Exercise instructions.
Using the data below, output a verbatim copy of the lines between the one holding "Bikini bottoms and" and the one holding "Тартар из рубленой", inclusive, without any pictures.

Records for the exercise.
┏━━
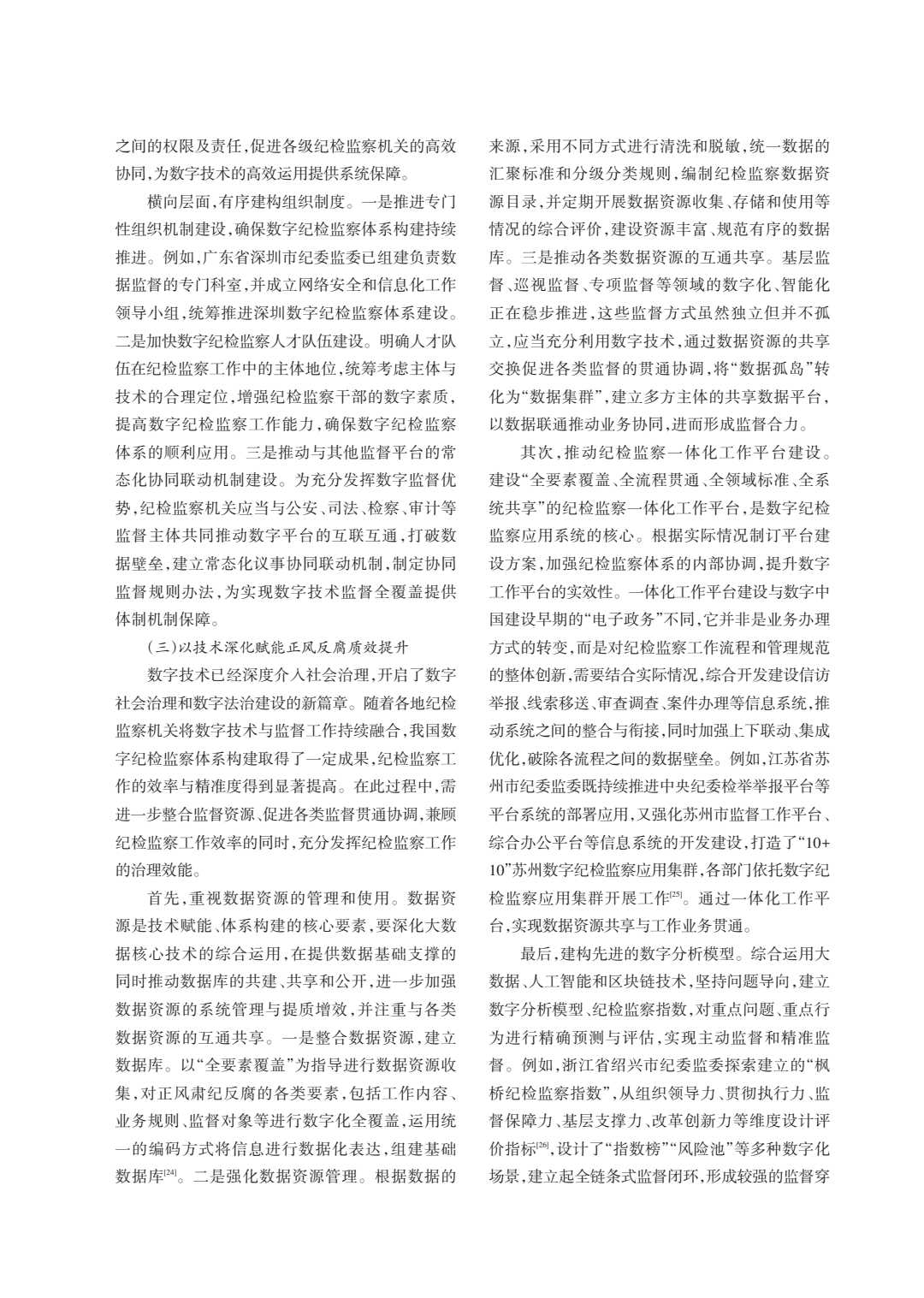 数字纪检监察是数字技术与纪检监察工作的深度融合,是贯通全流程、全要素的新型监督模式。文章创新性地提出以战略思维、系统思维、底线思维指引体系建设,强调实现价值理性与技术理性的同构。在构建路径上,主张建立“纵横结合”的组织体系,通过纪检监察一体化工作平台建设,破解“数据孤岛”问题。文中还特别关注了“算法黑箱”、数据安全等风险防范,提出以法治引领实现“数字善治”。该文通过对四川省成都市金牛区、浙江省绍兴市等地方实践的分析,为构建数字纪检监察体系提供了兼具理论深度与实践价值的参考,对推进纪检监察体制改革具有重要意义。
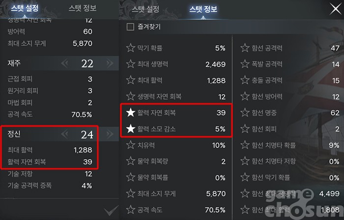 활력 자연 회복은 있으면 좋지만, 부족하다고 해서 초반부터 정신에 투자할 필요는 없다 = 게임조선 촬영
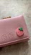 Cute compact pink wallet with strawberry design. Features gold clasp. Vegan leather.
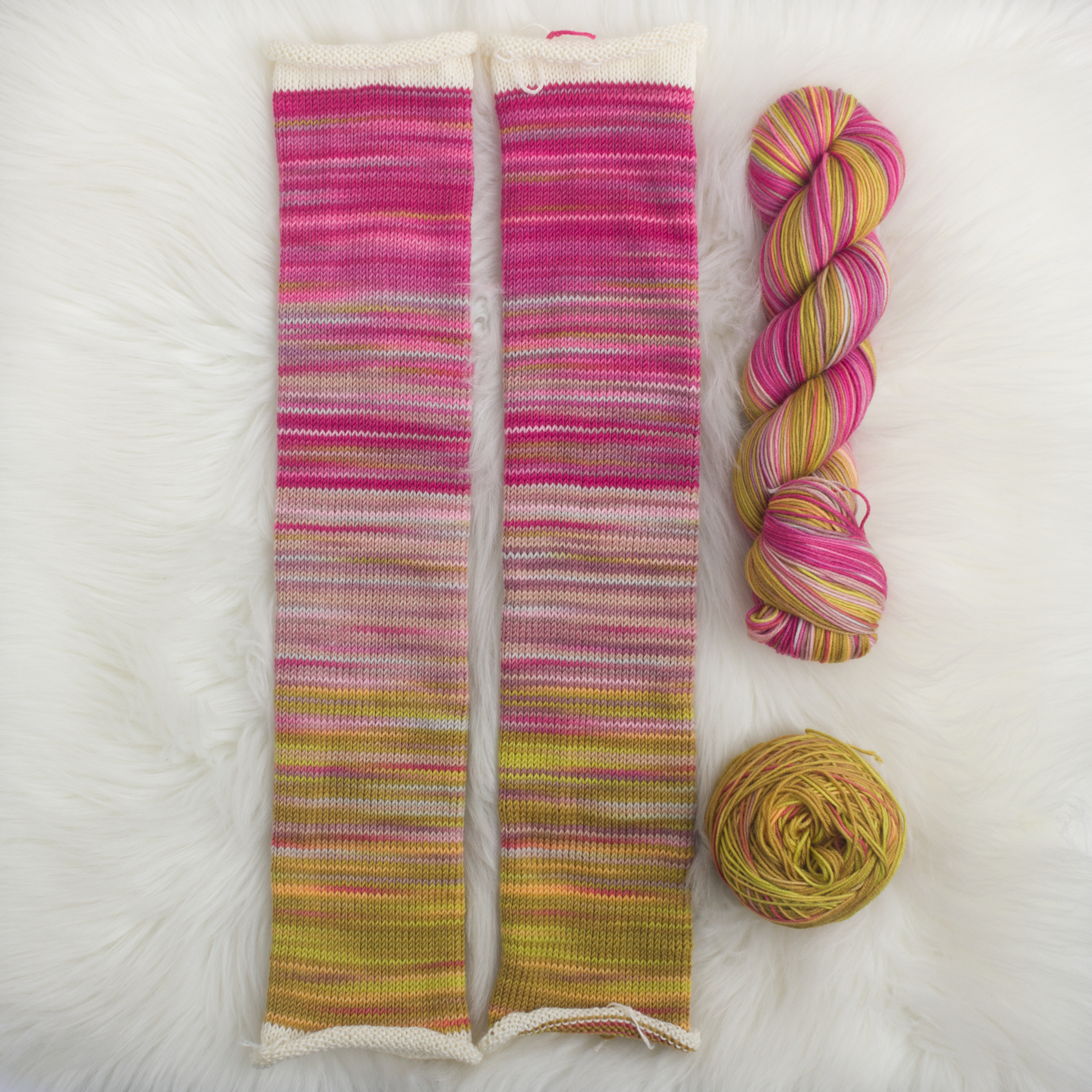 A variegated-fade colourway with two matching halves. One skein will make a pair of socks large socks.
┗━━
┏━━
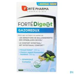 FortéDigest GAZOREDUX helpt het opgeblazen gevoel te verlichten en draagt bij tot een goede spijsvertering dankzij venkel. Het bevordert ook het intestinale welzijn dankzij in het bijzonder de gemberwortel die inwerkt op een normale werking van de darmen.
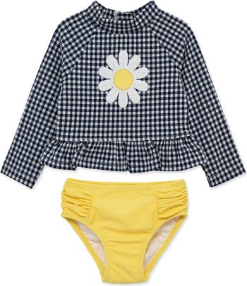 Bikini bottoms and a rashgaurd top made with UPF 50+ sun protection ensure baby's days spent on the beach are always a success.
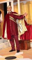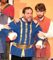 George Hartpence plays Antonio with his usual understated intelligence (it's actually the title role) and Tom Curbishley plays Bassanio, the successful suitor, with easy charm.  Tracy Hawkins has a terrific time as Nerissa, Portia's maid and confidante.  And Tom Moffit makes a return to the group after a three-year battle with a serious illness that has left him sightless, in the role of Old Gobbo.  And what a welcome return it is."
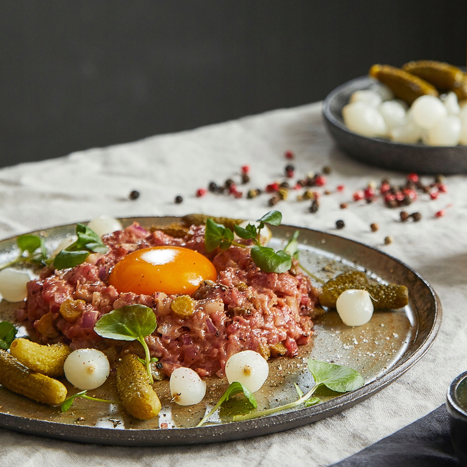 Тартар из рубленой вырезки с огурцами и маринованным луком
┗━━
Answer space.
 Bikini bottoms and a rashgaurd top made with UPF 50+ sun protection ensure baby's days spent on the beach are always a success.
 George Hartpence plays Antonio with his usual understated intelligence (it's actually the title role) and Tom Curbishley plays Bassanio, the successful suitor, with easy charm.  Tracy Hawkins has a terrific time as Nerissa, Portia's maid and confidante.  And Tom Moffit makes a return to the group after a three-year battle with a serious illness that has left him sightless, in the role of Old Gobbo.  And what a welcome return it is."
 Тартар из рубленой вырезки с огурцами и маринованным луком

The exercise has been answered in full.